Cook and Evans will give us more than those two. Fact. Ariza didn't even play tonight.


----------



## Babir (Jan 10, 2005)

Now I am very confident that we had to keep Ariza and to sign Webber...


----------



## DaRizzle (May 22, 2007)

On behalf of all Laker fans I want to thank the Magic for taking that bum Cook and so so role player Evans. We all would have been fine if Ariza had been a bum because we still got rid of Cook's contract, but he has been anything but. His jump shot is UGLY but everthing else has been great. Good D, and lots of aggression has bolted Ariza into regular minutes with the "bench mob". Pretty impressive when Phil Jackson is the coach. So once again....thank you.


----------



## Idunkonyou (Feb 23, 2003)

Ariza didn't fit our offense. End of story.


----------



## deanwoof (Mar 10, 2003)

there's gotta be a reason Ariza has been bounced around. he's already on his 3rd team in 4 years. 

he's going to be a ruben patterson type player, sans nanny situation. pure hustle. no offense.


----------



## TakaraJinRoh (Nov 27, 2007)

From my understanding. Webber wants to start with the Magics. Around the time that rumor was brewing up, the Magics we're rolling and there's simply no need to change that chemistry by adding a player who is past his prime.

Webber is not going to add much help to us. And I dont like his "I deserve to start because im a veteran attitude". Ariza has always been a great hutle, energy, quick spurt offense type of player. Unless he develops a consistent mid range jumper,then he will always stay that way.


But thats not necessarily a bad thing. Player like in Ariza's mold are far and between. With today's influx ofswing players who only concentrates on scoring, it would'nt hurt to have someone like Ariza on the bench.
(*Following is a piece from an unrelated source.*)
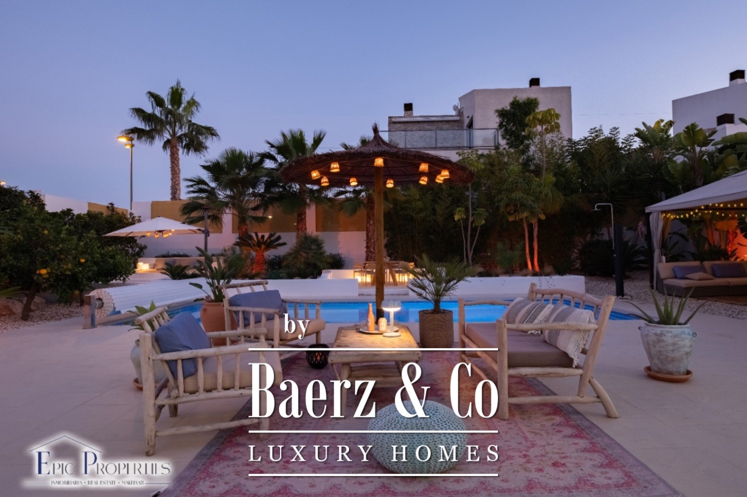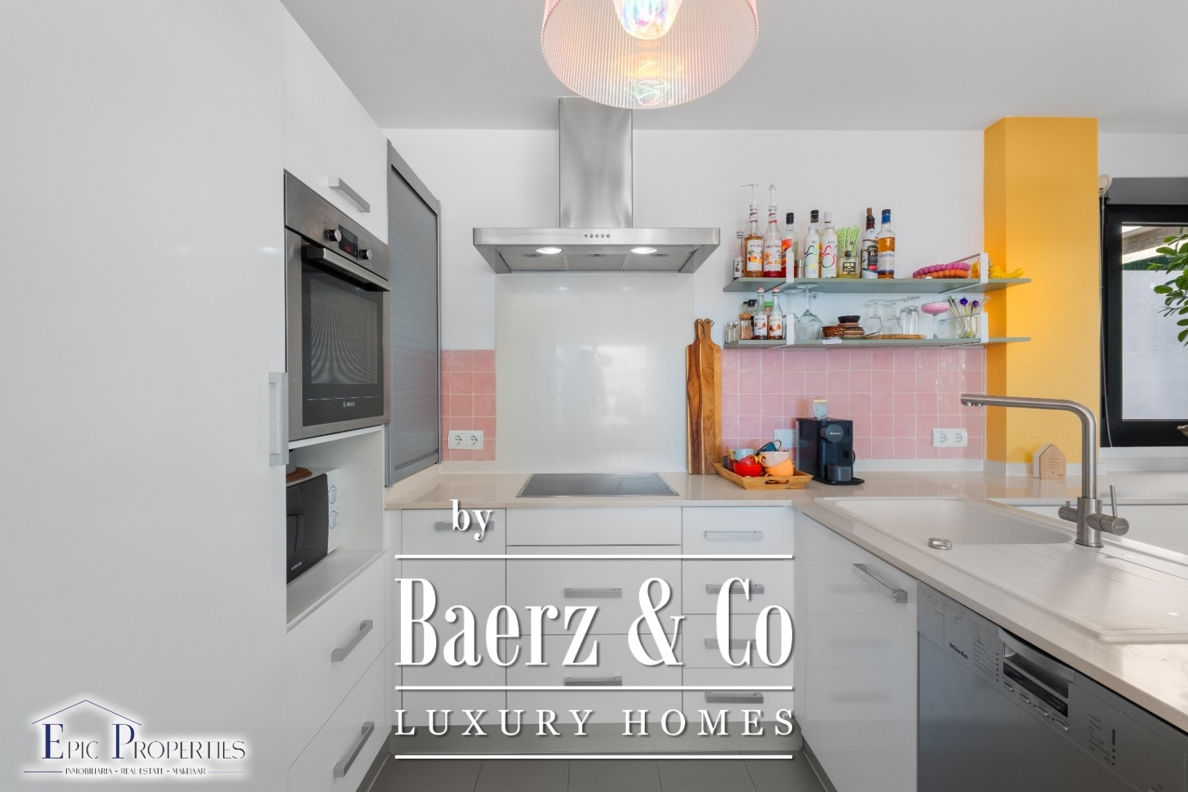 Cette villa Polop se trouve dans un environnement résidentiel paisible, offrant une alliance subtile entre la lumière naturelle, le volume et l’intimité. La maison de 114 m² est intelligemment agencée de plain-pied, sur un terrain de 820 m² qui privilégie à la fois l’isolement et l’ouverture. Les hauts plafonds et les sols en marbre instillent une ambiance raffinée à l’ensemble de l’intérieur spacieux.

I still think it was a bad trade for the Magics. Cook has not given us the type of offense we needed from him. He's 3-14 beyond the arc the last 5 games. LA on the other hand has been rolling, and Ariza's play has been quite beneficial for them.


----------



## Babir (Jan 10, 2005)

One of the issues with Webber was his defense, but it is clear that even now he is a 10 time better defender than Cook will ever be...Cook did not play at all against Houston! We had to give minutes to terrible Garrity again! Evans is an average player, Ariza was much better finisher, defender, rebounder and was younger...And of course we could have used him in better trade...


----------



## Babir (Jan 10, 2005)

Ariza had a great game tonight against the Suns...


----------



## Jizzy (Aug 24, 2005)

with Bogans, Turkl and Shard, did you really need another shooter? atleast Riz could slash and finish in the paint.


----------



## TakaraJinRoh (Nov 27, 2007)

Jizzy said:


> with Bogans, Turkl and Shard, did you really need another shooter? atleast Riz could slash and finish in the paint.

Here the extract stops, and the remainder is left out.